──────── EXTRACTED DATA

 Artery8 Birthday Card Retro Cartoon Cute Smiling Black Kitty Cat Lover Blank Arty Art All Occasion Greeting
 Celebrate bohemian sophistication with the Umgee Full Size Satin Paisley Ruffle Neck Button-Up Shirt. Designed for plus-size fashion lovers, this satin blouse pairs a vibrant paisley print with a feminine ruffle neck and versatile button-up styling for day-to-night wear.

────────────────
──────── EXTRACTED DATA

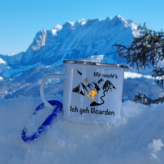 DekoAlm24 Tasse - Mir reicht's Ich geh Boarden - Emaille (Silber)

────────────────

> [TASK ITEM]: Among the entries above, the lines between the ones containing "Artery8 Birthday Card" and "Celebrate bohemian sophistication", inclusive, are to be transcribed exactly. No other line is to be given.

> [ANSWER TO THE PROBLEM]:
 Artery8 Birthday Card Retro Cartoon Cute Smiling Black Kitty Cat Lover Blank Arty Art All Occasion Greeting
 Celebrate bohemian sophistication with the Umgee Full Size Satin Paisley Ruffle Neck Button-Up Shirt. Designed for plus-size fashion lovers, this satin blouse pairs a vibrant paisley print with a feminine ruffle neck and versatile button-up styling for day-to-night wear.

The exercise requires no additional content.